*What this task involves*
Exactly the lines from the start of the data below through the line containing "au col de cygne" must be returned, and no others.
Exercise input START
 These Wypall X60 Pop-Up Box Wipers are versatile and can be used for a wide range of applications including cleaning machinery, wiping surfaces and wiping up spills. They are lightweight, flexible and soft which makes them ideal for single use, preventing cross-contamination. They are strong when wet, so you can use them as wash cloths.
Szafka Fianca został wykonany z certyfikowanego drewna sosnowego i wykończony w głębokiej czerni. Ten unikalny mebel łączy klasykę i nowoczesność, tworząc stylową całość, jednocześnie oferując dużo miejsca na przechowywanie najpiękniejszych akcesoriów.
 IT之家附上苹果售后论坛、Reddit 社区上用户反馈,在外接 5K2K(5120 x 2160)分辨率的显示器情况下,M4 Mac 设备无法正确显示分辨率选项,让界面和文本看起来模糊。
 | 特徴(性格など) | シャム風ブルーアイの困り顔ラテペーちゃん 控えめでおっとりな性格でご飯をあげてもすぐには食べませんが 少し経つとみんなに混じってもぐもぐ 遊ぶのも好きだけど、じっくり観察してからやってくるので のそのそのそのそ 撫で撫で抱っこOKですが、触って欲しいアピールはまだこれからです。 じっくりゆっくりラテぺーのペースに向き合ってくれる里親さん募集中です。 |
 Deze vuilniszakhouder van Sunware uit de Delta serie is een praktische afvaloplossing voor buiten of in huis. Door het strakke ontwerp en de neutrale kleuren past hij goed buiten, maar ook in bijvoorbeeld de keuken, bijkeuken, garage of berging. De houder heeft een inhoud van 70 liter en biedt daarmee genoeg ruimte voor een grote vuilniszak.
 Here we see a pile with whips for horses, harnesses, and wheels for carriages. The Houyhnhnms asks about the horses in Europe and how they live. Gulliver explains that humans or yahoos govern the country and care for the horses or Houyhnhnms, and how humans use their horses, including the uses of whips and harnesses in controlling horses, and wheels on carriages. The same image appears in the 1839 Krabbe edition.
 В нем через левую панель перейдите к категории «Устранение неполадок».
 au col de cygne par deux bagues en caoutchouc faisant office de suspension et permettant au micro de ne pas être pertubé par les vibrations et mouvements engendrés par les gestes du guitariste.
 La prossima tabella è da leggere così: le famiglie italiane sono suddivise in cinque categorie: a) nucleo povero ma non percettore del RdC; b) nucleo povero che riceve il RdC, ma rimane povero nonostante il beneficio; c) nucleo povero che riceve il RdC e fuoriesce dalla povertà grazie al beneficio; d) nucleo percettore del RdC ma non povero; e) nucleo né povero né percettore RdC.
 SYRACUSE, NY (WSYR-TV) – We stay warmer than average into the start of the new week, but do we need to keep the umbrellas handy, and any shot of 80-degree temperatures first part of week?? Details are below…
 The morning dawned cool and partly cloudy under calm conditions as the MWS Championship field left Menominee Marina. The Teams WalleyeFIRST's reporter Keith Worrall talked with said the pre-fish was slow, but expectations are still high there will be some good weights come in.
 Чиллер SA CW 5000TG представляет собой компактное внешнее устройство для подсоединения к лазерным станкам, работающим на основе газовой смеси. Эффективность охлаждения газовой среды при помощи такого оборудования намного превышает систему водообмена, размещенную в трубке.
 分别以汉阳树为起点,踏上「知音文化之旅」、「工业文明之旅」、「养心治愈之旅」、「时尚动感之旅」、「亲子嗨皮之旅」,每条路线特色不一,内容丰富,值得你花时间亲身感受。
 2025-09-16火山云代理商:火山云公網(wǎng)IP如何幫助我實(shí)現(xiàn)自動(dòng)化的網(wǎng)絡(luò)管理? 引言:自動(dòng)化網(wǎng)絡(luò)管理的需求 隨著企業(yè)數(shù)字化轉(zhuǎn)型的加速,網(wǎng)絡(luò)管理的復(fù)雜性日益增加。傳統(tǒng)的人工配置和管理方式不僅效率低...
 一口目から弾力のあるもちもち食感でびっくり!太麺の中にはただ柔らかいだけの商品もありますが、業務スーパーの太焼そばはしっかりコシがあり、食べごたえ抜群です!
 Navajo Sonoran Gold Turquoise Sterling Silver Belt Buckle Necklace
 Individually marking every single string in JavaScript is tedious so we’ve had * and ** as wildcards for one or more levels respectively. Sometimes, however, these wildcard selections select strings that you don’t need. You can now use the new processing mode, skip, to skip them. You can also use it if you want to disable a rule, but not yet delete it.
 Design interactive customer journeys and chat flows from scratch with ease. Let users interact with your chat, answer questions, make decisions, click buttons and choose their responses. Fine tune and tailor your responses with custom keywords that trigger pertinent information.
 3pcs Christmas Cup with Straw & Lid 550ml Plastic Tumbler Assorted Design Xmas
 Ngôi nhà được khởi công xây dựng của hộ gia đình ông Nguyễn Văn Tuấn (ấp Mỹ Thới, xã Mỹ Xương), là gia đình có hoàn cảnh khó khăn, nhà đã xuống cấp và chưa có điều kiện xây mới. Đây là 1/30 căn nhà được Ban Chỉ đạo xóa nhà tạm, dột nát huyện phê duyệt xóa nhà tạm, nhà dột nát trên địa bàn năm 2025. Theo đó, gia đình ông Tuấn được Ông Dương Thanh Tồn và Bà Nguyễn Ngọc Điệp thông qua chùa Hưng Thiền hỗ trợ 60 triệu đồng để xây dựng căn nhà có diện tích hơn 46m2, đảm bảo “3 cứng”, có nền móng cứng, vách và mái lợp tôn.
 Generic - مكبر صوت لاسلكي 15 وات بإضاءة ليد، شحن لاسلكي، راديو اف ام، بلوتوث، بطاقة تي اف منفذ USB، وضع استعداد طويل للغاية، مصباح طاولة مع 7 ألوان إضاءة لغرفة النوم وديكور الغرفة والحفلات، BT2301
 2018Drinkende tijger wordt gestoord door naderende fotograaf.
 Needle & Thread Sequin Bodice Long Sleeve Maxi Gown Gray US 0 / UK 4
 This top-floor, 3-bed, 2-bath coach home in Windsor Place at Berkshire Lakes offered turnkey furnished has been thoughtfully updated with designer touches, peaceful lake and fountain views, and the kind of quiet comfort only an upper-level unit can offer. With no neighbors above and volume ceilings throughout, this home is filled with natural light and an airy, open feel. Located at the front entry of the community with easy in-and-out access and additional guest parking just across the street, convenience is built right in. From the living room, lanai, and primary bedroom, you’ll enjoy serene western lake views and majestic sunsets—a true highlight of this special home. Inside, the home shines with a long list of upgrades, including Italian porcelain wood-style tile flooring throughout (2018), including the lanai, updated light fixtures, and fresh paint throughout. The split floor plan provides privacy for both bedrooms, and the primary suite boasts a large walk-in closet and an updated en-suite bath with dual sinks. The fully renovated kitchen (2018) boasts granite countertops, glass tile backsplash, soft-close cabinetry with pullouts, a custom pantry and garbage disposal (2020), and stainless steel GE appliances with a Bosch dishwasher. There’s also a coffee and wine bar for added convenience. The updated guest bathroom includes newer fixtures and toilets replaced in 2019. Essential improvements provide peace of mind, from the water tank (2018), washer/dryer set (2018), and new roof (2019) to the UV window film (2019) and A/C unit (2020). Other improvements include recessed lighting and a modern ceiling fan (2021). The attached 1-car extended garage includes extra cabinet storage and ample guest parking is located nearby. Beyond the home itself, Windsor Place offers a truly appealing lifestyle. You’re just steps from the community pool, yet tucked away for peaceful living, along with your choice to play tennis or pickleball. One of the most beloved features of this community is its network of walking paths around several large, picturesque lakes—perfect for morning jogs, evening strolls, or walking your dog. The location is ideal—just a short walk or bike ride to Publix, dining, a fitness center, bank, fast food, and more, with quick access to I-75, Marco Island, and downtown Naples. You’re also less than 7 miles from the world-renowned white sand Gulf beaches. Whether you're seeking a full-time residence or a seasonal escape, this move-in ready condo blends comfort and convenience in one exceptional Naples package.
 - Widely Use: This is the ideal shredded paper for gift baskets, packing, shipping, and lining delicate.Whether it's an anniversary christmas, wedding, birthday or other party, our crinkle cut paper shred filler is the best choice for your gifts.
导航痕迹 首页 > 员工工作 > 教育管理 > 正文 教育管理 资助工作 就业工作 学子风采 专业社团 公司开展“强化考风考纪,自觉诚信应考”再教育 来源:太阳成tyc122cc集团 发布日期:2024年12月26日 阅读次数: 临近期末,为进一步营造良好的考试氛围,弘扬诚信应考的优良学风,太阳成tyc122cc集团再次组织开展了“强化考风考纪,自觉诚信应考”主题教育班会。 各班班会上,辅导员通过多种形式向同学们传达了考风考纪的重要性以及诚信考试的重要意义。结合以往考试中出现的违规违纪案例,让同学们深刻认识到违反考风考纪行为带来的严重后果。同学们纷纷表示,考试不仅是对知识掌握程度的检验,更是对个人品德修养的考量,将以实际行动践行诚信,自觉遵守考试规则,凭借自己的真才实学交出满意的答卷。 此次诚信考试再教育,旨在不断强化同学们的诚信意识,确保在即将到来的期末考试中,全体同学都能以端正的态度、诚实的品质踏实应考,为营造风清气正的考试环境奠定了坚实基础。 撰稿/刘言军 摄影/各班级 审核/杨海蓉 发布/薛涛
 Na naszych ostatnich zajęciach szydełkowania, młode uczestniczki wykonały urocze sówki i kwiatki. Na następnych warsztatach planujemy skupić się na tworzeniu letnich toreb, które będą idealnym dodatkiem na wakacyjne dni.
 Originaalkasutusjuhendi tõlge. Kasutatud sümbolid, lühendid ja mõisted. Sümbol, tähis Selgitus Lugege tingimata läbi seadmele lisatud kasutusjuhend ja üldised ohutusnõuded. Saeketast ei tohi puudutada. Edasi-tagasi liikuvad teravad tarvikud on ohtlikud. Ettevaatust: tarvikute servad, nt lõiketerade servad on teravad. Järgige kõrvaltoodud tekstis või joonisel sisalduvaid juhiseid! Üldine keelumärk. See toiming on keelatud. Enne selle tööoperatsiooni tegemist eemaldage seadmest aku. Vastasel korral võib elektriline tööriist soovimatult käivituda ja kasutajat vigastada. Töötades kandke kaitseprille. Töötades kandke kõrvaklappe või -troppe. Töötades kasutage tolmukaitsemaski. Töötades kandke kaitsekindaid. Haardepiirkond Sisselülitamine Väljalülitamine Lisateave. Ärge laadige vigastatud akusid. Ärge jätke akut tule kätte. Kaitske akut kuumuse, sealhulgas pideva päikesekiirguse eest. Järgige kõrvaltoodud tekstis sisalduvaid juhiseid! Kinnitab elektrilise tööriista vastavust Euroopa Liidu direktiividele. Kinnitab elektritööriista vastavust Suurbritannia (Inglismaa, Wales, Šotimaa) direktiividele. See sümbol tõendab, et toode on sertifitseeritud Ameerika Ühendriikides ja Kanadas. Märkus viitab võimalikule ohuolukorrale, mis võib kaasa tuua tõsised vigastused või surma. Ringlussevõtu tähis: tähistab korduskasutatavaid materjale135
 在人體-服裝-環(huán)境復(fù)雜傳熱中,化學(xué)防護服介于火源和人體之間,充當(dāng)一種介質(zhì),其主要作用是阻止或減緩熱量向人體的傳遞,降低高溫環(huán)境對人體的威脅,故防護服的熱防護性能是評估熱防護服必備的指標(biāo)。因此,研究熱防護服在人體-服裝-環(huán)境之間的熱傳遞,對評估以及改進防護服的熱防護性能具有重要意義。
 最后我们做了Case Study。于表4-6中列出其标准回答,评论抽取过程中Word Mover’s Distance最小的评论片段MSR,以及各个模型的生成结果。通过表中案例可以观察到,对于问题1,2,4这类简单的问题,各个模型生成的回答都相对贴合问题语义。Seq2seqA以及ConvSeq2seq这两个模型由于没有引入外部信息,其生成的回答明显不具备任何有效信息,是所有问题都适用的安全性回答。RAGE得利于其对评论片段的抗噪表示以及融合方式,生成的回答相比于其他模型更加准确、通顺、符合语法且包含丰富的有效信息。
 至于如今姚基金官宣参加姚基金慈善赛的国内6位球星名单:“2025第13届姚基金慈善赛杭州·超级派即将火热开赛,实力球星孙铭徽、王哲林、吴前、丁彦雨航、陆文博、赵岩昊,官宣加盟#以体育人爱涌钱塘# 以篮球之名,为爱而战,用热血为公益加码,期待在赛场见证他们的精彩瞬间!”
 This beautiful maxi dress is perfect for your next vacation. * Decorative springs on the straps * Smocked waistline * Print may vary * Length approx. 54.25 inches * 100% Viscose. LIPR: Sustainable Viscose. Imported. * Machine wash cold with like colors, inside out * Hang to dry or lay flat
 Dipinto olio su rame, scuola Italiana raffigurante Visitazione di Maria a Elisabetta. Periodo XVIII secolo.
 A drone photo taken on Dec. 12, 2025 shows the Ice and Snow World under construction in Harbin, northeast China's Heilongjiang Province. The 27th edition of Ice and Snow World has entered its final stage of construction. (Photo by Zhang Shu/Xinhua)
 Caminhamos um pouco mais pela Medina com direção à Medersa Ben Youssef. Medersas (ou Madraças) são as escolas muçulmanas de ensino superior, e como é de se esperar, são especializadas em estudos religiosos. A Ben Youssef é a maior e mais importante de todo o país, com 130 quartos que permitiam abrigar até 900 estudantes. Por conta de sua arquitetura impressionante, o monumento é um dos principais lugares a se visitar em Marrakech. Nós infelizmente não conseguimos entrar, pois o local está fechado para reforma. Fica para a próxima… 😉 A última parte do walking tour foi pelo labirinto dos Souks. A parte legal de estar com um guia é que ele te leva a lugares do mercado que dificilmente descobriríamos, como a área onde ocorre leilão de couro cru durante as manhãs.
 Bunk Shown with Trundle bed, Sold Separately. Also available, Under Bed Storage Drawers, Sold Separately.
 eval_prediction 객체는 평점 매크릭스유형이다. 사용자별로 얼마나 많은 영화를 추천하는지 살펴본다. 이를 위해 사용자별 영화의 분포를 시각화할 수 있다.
Exercise input END
*Problem solution*
 These Wypall X60 Pop-Up Box Wipers are versatile and can be used for a wide range of applications including cleaning machinery, wiping surfaces and wiping up spills. They are lightweight, flexible and soft which makes them ideal for single use, preventing cross-contamination. They are strong when wet, so you can use them as wash cloths.
Szafka Fianca został wykonany z certyfikowanego drewna sosnowego i wykończony w głębokiej czerni. Ten unikalny mebel łączy klasykę i nowoczesność, tworząc stylową całość, jednocześnie oferując dużo miejsca na przechowywanie najpiękniejszych akcesoriów.
 IT之家附上苹果售后论坛、Reddit 社区上用户反馈,在外接 5K2K(5120 x 2160)分辨率的显示器情况下,M4 Mac 设备无法正确显示分辨率选项,让界面和文本看起来模糊。
 | 特徴(性格など) | シャム風ブルーアイの困り顔ラテペーちゃん 控えめでおっとりな性格でご飯をあげてもすぐには食べませんが 少し経つとみんなに混じってもぐもぐ 遊ぶのも好きだけど、じっくり観察してからやってくるので のそのそのそのそ 撫で撫で抱っこOKですが、触って欲しいアピールはまだこれからです。 じっくりゆっくりラテぺーのペースに向き合ってくれる里親さん募集中です。 |
 Deze vuilniszakhouder van Sunware uit de Delta serie is een praktische afvaloplossing voor buiten of in huis. Door het strakke ontwerp en de neutrale kleuren past hij goed buiten, maar ook in bijvoorbeeld de keuken, bijkeuken, garage of berging. De houder heeft een inhoud van 70 liter en biedt daarmee genoeg ruimte voor een grote vuilniszak.
 Here we see a pile with whips for horses, harnesses, and wheels for carriages. The Houyhnhnms asks about the horses in Europe and how they live. Gulliver explains that humans or yahoos govern the country and care for the horses or Houyhnhnms, and how humans use their horses, including the uses of whips and harnesses in controlling horses, and wheels on carriages. The same image appears in the 1839 Krabbe edition.
 В нем через левую панель перейдите к категории «Устранение неполадок».
 au col de cygne par deux bagues en caoutchouc faisant office de suspension et permettant au micro de ne pas être pertubé par les vibrations et mouvements engendrés par les gestes du guitariste.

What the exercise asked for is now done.